Skrowaczewski's interpretations of the Bruckner Symphonies have earned him the Gold Medal of the Mahler-Bruckner Society, and his programming of contemporary music while conducting the Minnesota Orchestra resulted in five ASCAP (American Society of Composers, Authors and Publishers) Awards. After his stint with the Minnesota Orchestra, he was principal conductor of the Hallé Orchestra in Manchester, England, giving concerts throughout Great Britain and leading tours to the United States and throughout Europe. He has recorded an extensive repertoire for RCA, Phillips, CBS, EMI/Angel, Mercury, Vox, and others.

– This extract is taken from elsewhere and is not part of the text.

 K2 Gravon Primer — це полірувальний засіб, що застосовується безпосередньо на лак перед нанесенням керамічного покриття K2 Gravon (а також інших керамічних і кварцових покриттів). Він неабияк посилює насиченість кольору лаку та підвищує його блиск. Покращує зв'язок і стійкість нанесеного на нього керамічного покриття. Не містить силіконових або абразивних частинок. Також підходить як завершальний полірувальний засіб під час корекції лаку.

Skrowaczewski and his wife Krystyna live in Wayzata. They have two grown children.

The Distinguished Artist Award will be presented formally at a ceremony this autumn. Skrowaczewski was selected by a four-person panel, which considered more than 85 nominated artists this year. The previous recipients are composer Dominick Argento (1998), ceramic artist Warren MacKenzie (1999), writer and translator Robert Bly (2000), choral composer, arranger and conductor Dale Warland (2001), editor and publisher Emilie Buchwald (2002), and painter Mike Lynch (2003).